Starting a Wine Collection - Ten Steps to Successful StartsWhile most wine drinkers are happy to quaff their latest purchases with little thought to anything but pure enjoyment, others see wine as more of a collectable. Wine collectors come in a variety of guises – some are just out to stock their cellars with the finest wine on the planet, some buy red wine exclusively and others buy in bargain wines they might find by the case.

Then there are those with every intention of making a small fortune…eventually.

We all know wine can be a pricey commodity – you may remember reading about a pair of 170-year-old bottles of champagne being found on a shipwreck in 2011 and selling for over $78,000 each. These kinds of treasures are rare to say the least, but this doesn’t mean that anyone with the genuine desire to do so can’t make something big of what starts life as a humble wine collection.

And with online wine delivery services now covering the UK, it’s never been easier to get the world’s finest wines delivered to your door.

So if wine collecting sounds like something you’d like to have a go at, have a look at our top ten tips for getting off to a successful and enjoyable start:

 

1 – Be Sure You Can Afford It

It’s (very!) unlikely that you’re going to make any real money from your wine collection for quite some time, which in turn means you cannot bank on it for quick returns. As such, it’s never a good idea to pump a load of money into a wine collection and leave yourself unable to pay the mortgage, cover the utilities and generally live without something of a safety net.

 

2 – Document from Day One

It’s easy to keep track of your collection when you’re only five bottles into it – five hundred bottles is another matter entirely. So to make sure you know what’s what, use a spreadsheet or any specialist software program to note down the location, purchase price, purchase date and batch number of every bottle.

 

3 – Assess You Cellar

Old wine in particular needs to be handled with gloves and stored in a cellar with a temperature of around 55°F (12 - 13°C) and 75% relative humidity. If you’re unable to provide the ideal environment, you run the risk of ruining a fair few of the bottles you invest in…something to think long and hard about before taking delivery of several cases of wine.

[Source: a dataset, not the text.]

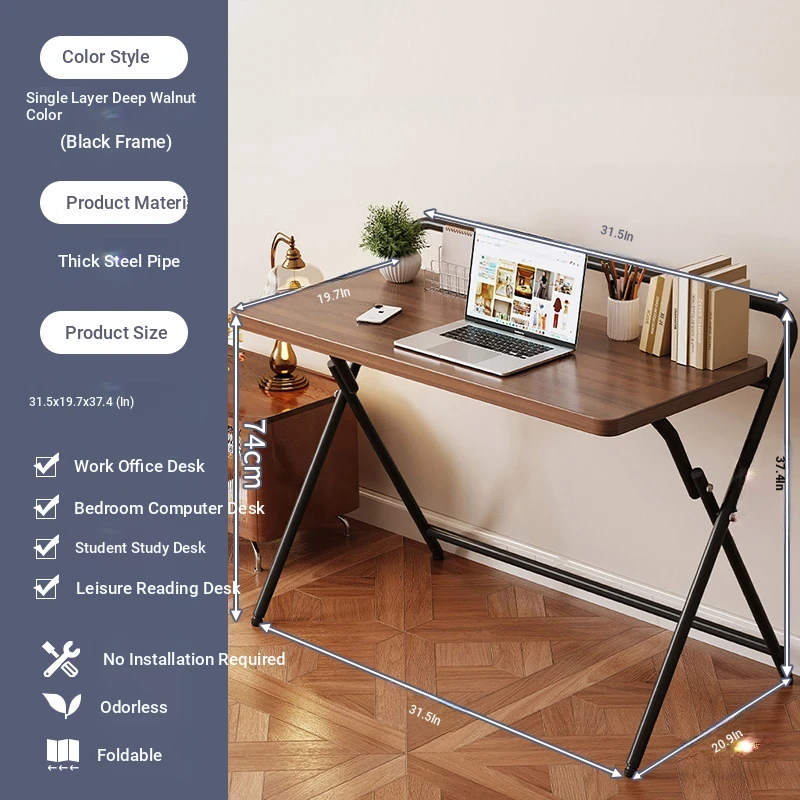 [Portable Single-Layer Model] Dark Walnut + Black Frame 80X50X74
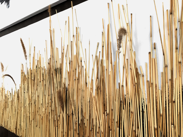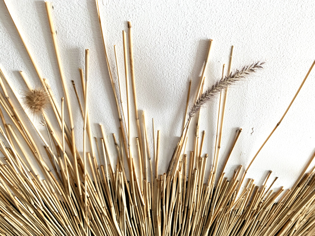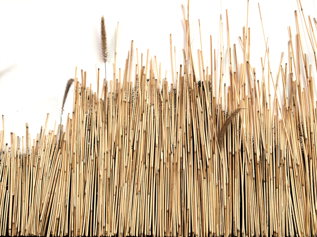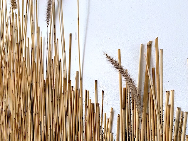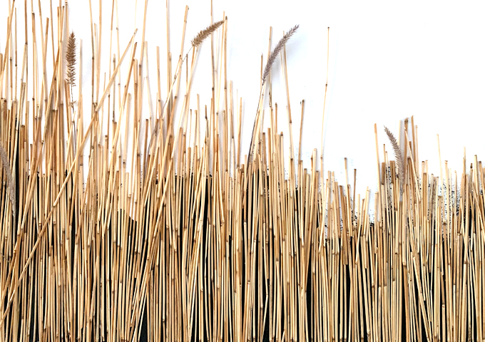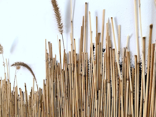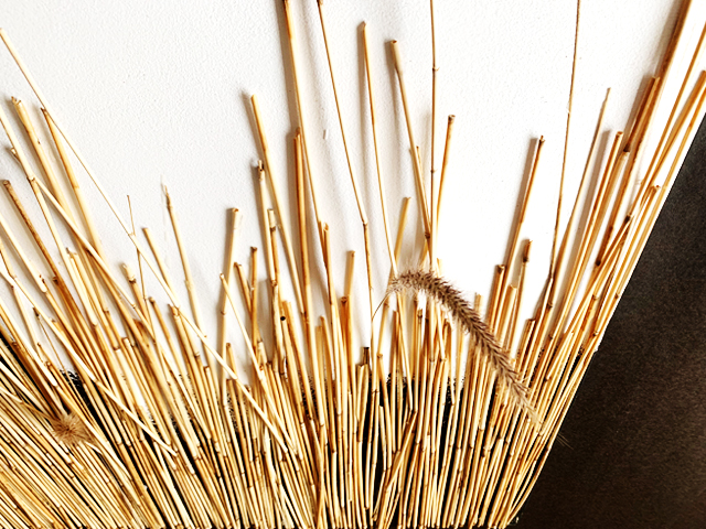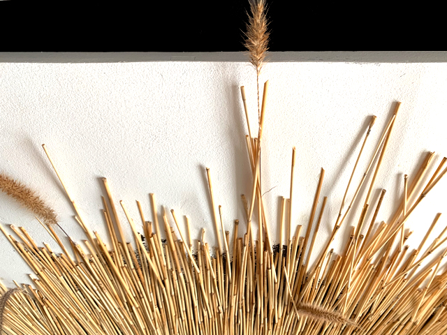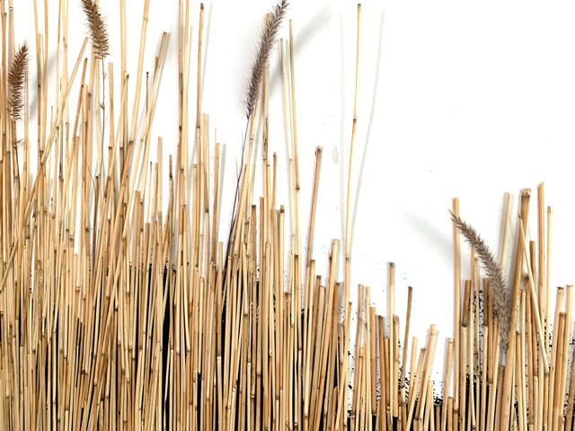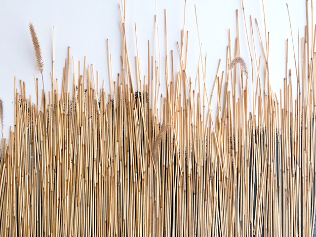 Mixed media (including dessicated prairie vegetation and small lumps of anthracite coal) on wood panels.

For those with this problem there are wine storage facilities available in the major cities that offer the perfect stable environment to protect your wine investment.

 

4 – What’s it Worth Today?

Be realistic – a bottle of £4.99 wine carrying the supermarket’s own brand isn’t going to appreciate in value much over the next few decades…chances are it won’t even be drinkable! If you’re collecting with future value in mind, make sure each bottle is actually worth saving in the first place! Do your research beforehand.

 

5 – Keep the Paperwork

You might get some documentation with any given bottle of wine you buy…keep it! From the purchase receipt to any certificate of authenticity and also the contact details of the place you bought it from, you never know when you might need to verify the provenance of a wine especially if you decide to sell at auction in the future.

 

6 – Appraise and Insure

Tell your insurance company after a fire that you had a wine collection worth £5,000 and they might offer their sympathies but little else. On the other hand if you have your wine collection appraised by a professional and added to your insurance premium you’re fully covered. One tip though – get it appraised regularly as you never know how much it may have increased in value since last time. Like all commodities wine is subject to sudden market movements.

 

7 – Softly, Softly

Resist the urge to prod, poke and generally play with your wine collection – old wines in particular do not react well to being messed around with. If you intend to drink a genuinely old wine, it needs to be left completely untouched for at least four to six weeks before being opened.

 

8 – How Much?

If you find yourself being offered the chance to buy wine with a value of £1,000 for a price of £100 do you honestly think it’s the real deal? It’s easy to get hold of really old wine bottles or wine labels these days and just fill them with cheap plonk to sell on as true rarities – be aware of this tactic at all times. Every few years there is a big story about wine fraud committed by unscrupulous sharks. With wine, as with life in general, if it sounds too good to be true then in all probability it isn't true.

 

9 – Size Isn’t everything

You’re so much better off having a dozen bottles of extreme quality than ten-dozen bottles that aren’t worth anything to anyone. As such, the best advice is to always try your best to resist the temptation to buy wine by the case to fill every single hole in your cellar, just to make it look pretty. You’re buying and keeping your wines to sell on or to enjoy – not to improve the appearance of your cellar…empty bottles will work well enough for that!

 

 10 – Buy for You and You Alone

And our final tip of the ten, it can be tempting to see what everyone else is buying at the time and just follow their example. This can work but there are no guarantees – you’re much better buying in terms of what YOU want and what YOU think represents the best investment opportunity. There’s a huge difference between collecting wines you want and collecting wines you think you should – the latter brings almost no joy or satisfaction whatsoever.